WO2018105046A1

WO2018105046A1 - Permanent magnet type rotating electric machine

Info

Publication number: WO2018105046A1
Application number: PCT/JP2016/086323
Authority: WO
Inventors: 進大島
Original assignee: 三菱電機株式会社
Priority date: 2016-12-07
Filing date: 2016-12-07
Publication date: 2018-06-14
Also published as: JPWO2018105046A1

Abstract

Disclosed is a permanent magnet type rotating electric machine wherein a rotor has: a cylindrical rotating body capable of rotating with respect to a stator; and a plurality of permanent magnets, which face the stator, and which are bonded using an adhesive to the rotating body at intervals in the axis direction and the circumferential direction of the rotating body. First protruding sections protruding in the radial direction of the rotating body are provided among the permanent magnets adjacent to each other in the circumferential direction of the rotating body. Second protruding sections protruding in the radial direction of the rotating body are provided among the permanent magnets adjacent to each other in the axis direction of the rotating body.

Description

Permanent magnet rotating electric machine

The present invention relates to a permanent magnet type rotating electrical machine in which a plurality of permanent magnets are bonded to a surface of a rotating body facing a stator.

In conventional surface permanent magnet type permanent magnet motors, a method of fixing a permanent magnet to a rotating body with an adhesive is widely used in order to limit the movement of the permanent magnet relative to the rotating body and improve the reliability of fixing the magnet.

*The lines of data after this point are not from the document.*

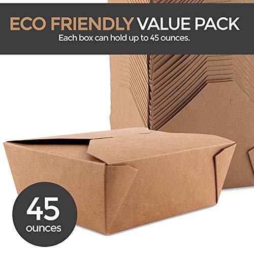 Stock Your Home 45 Ounce Kraft Brown Takeout Boxes are the Eco-Friendly alternative to foam and plastic takeout trays, Comprised of natural kraft paper stock the use of a chlorine-free manufacturing process and integrated soy blend eco-wax, this bag supports the green movement without sacrificing function!Our takeout boxes are ideal for keeping your food fresh, in addition to, refrigerating and microwaving takeout or leftover food. They’re also an eco-friendly alternative to lunch boxes.Our large boxes were specially designed to hold greasy foods with no need liquids seeping through. Your meals will be securely packaged in these shuttle size to-go containers. They’re also microwaveable. Whether you’re hosting a party or running a food servicing business, these containers are ideal for serving both hot and cold dishes.Our pack comprises a total of 50 boxes. Each and every box can hold up to 45 ounces. Product Dimensions: Length 5 3/4 Inches, Width 4 1/2 Inches, Height 2 1/2 Inches, Bottom Length 5 3/4 Inches, Bottom Width 4 1/2 Inches.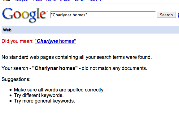 Google “Charlynar homes.” Today, there are no results in Google for this search. Soon, likely Google will find whether Charlynar Homes is a good or bad builder. I’ll post an update in a couple of days.
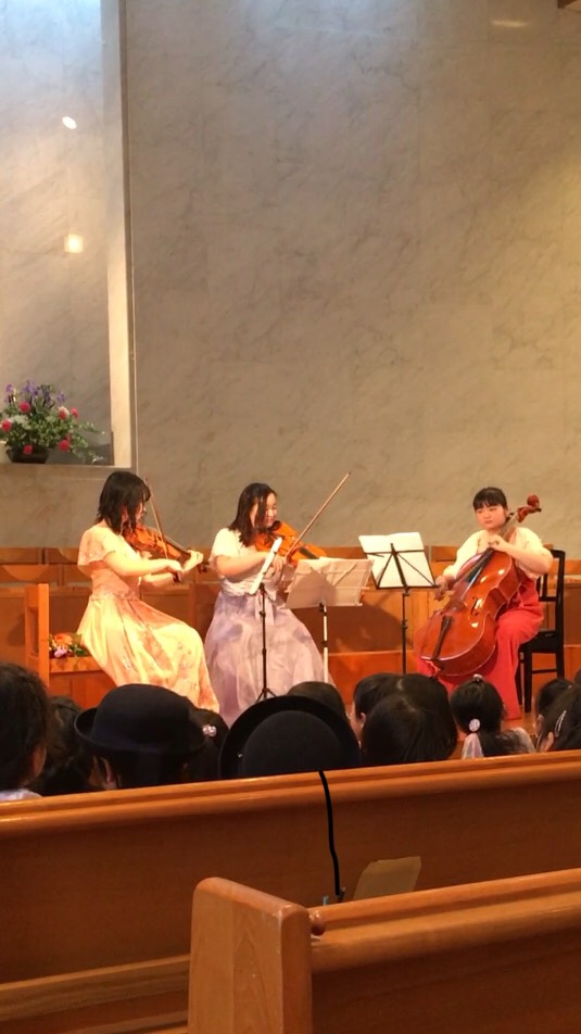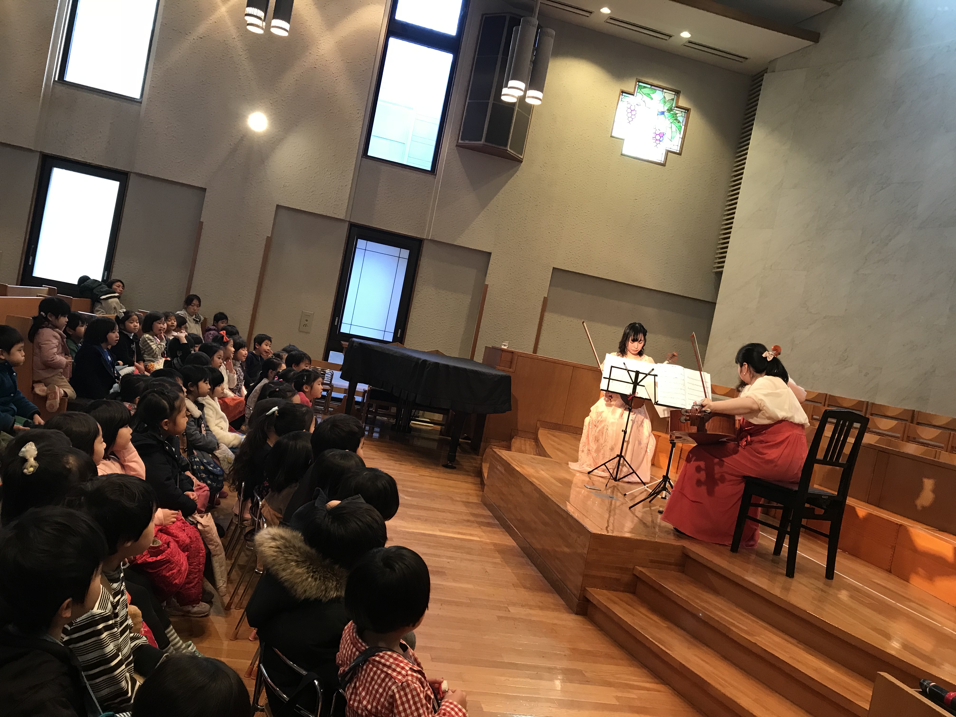 午後からは、音大生の方が子どもたちのために、コンサートをしてくださいました。 楽器の紹介・曲の紹介も丁寧にし、子どもたちの反応にも優しく対応してくださる…とてもステキなお姉さん方でした。
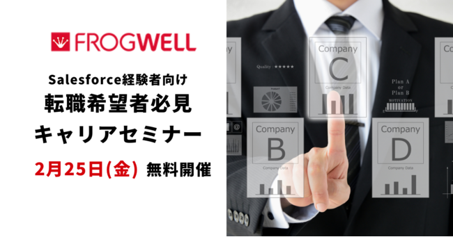データ・プロセスのコンサルティング及びアウトソーシングサービスを提供しているフロッグウェル株式会社(所在地 : 東京都港区、 代表 : 大田宏之、以下「フロッグウェル」)は、『Salesforce経験を生かした転職する前に、絶対に知っておきたい10個のキャリアプラン』をテーマとしたオンラインセミナーを、転職を希望するSalesforce経験者に向けて2月25日(金)に無料で開催いたします。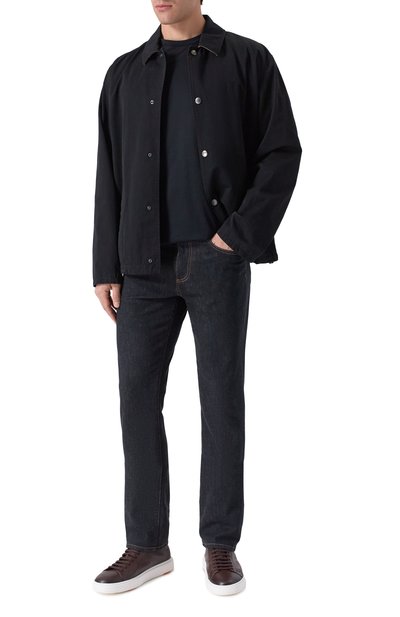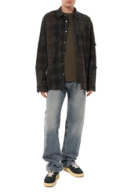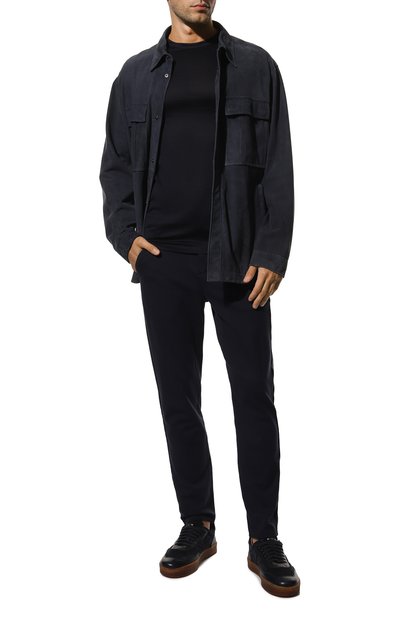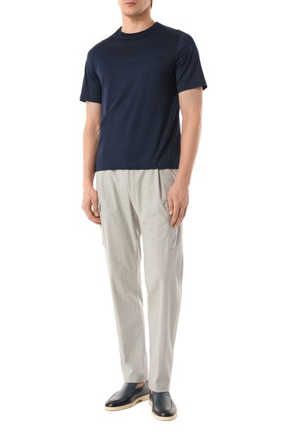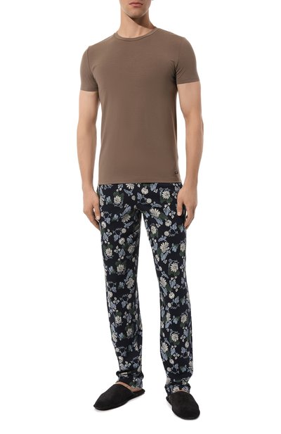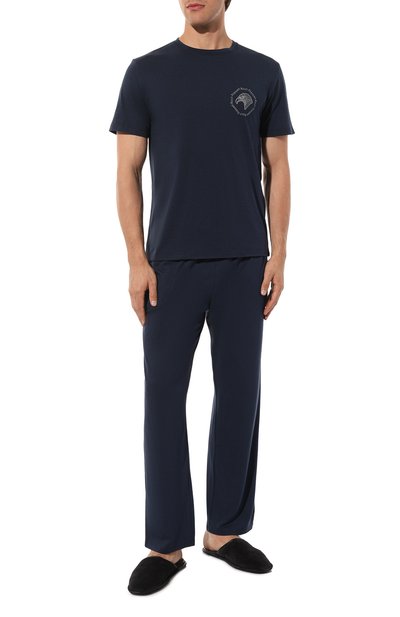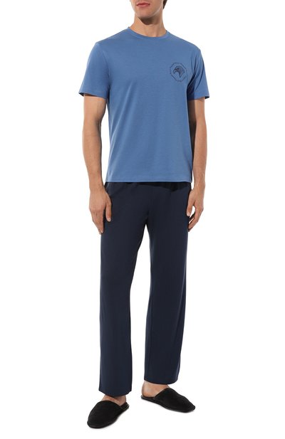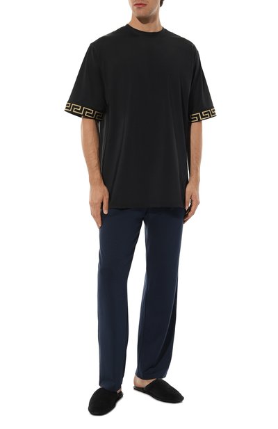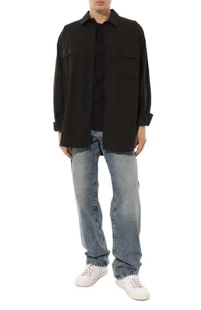 Футболку выполнили из джерси на основе модала и хлопка. Пояс изделия спереди дополнили нашивкой с контрастной символикой бренда, а под горловиной сзади разместили логотип марки в тон.

Yes.

Further, in the conventional permanent magnet type rotating electrical machine, a plurality of banks protruding outward in the radial direction are formed on the outer periphery of the yoke portion. The bank is arrange | positioned at the both sides of the permanent magnet of the circumferential direction of a rotary body (for example, refer patent document 1).

JP 2006-304407 A

In the conventional permanent magnet type rotating electrical machine as described above, banks are formed only on both sides of the permanent magnet in the circumferential direction of the rotating body. For this reason, in the configuration in which the permanent magnets are attached in multiple rows in the axial direction of the rotating body, when the amount of adhesive applied is increased in order to secure the adhesive area, the adhesive protrudes to the region of the permanent magnets aligned in the axial direction. An operation of wiping off the protruding adhesive may be required, and the workability during assembly is reduced.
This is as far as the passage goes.